REM Jan 18 2020 TAG letter \
  MSG Date to see the new Jumanji movie
I can then use the raw output of the -s and filter for only those items:
rem -s 2020-01-01 |
awk '$3 ~ /letter/'
so I have a list of what we did during the month. This works well in my reminders too, using a RUN directive:
REM 1 MSF [iif($Tm % 2, "Honey", "Hubby")] \
  writes %"Grandparent letter%"
REM 1 RUN rem -sr [$U - 1] | \
  awk '$3 ~ /letter/{for (i=2; i<6; i++) $i=""; print}'
(the -r prevents remind from executing RUN entries further, and the expression [$U - 1] finds the last day of the previous month to pass to remind) Thus, not only do I get a reminder to let me know who writes the letter but I get a list of the letter-worthy things we did in the previous month.

I wish remind had more native functionality to support tags such as a trigtags() function (to return the tags for the current reminder), or a hastag() function (to ask if the current reminder has a given tag). This would help me filter output or expand tags in message-bodies. Alas, not yet. I look forward to some day (hopefully) when these are even more useful. Perhaps for my next patch.

Shell tips & tricks


I've set up a couple bash aliases in my shell to minimize typing:

alias 1='rem -gaad -iCOLOR=1'
for d in {2..6} ; do
    alias ${i}='rem -gaad -iCOLOR=1 "*"'${i}

These let me type 3 as a command and get 3 days of colorized agenda output.

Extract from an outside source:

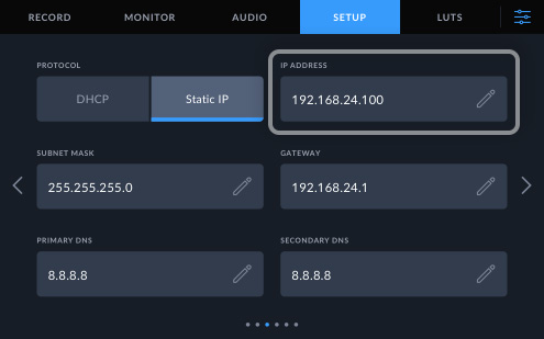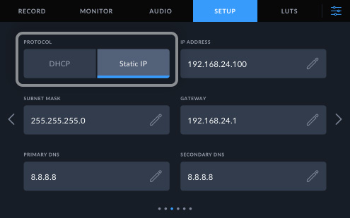 The network protocol menu is how the HyperDeck Shuttle will connect to the Ethernet network. You can choose DHCP where the HyperDeck Shuttle will get assigned an IP address automatically, or static IP where you can set the network address manually.

I have crontab entries that email me my today/tomorrow reminders each day and a full week of reminders on Sunday morning:

@daily rem -g '*2'
 * * 0 rem '*7'

Version control

I find it useful to keep my reminder directory, ~/.config/remind/, in version control. I use git for multiple files, but you could just as easily use mercurial, Subversion, or even CVS or rcs. This gives me a lot of freedom to experiment with complex reminder syntax. If I mess something up, I can always revert to the known-good state. Also, I can delete reminders that have passed so they don't clutter my calendar or increase processing time, but still have historical record of their existence. I can also git push & git pull changes between different machines to keep my reminders in sync.

cd ~/.config/remind
git init .
git add *.rem
git commit -m "Initial checkin"

modify reminder files

git commit -am "Added John's birthday"
mkdir RCS
echo "Initial checkin" | ci -l .reminders
ed -p"* " .reminders
REM Apr 1 MSG Tom's birthday%
echo "Added Tom's birthday" | ci -l .reminders


The readable nature of the output makes it easy to pipe output to a program like espeak (or another text-to-speech engine which you would also have to install) to read your reminders aloud. You might create a custom spoken.rem file that you don't INCLUDE in your regular reminders.rem in which you remove the BANNER, emit section dividers (if you don't choose to use display labels), and INCLUDE a select subset of calendars:

MSG Birthdays%
INCLUDE [filedir()]/birthdays.rem
MSG Personal items%
INCLUDE [filedir()]/tim.rem
MSG Work items%
INCLUDE [filedir()]/work.rem
(the [filedir()] expands to the path of the containing spoken.rem file)

And to read them:

remind ~/.config/remind/spoken.rem | espeak

Easier or more boring recipes

Car registration

We need to get our car inspected and get our (re)registration submitted by the end of February so I want notifications starting at the beginning of February:

REM Mar 1 --1 ++[26 + isleap($Uy)] \
  SATISFY [$Uy > 2019] \
  MSG %"Car reg./inspection due%" %b
The Mar 1 --1 results in the last day of February while the ++[26 + isleap($Uy)] gives 26 or 27 days of advanced warning depending on whether the current year is a leap year. Once I've done the registration/inspection, I update the year in the SATISFY so it stops reminding me about it for that year.

Maturing bonds

I purchased a couple simple-interest bonds and want to know when to expect the interest payment checks. They arrive around the 25th of the month (or AFTER if it falls on a Sunday when the USPS doesn't deliver mail), every 6 months until the end of the bond-term. But remind makes this pretty easy:

REM 25 UNTIL Feb 26, 2025 \
  SATISFY [$Um % 6 == 2] \
  MSG %"Expect bond check for $31.41%"
This uses the SATISFY keyword, repeatedly looking for the next 25th of the month until $Um % 6 == 2 — the month in question is either February or August.

Notice until action

I send birthday cards to certain friends & family members so I want about a week of notice to get a card, write a note, and get it in the mail. However, once I've sent the card, I don't need further advanced warning reminders. By updating that year in the expression once I've completed the task I no longer get advanced warning for the given year. Similar to the car registration example, in this case I still want to receive notification on the day of the birthday too, not drop the reminder entirely.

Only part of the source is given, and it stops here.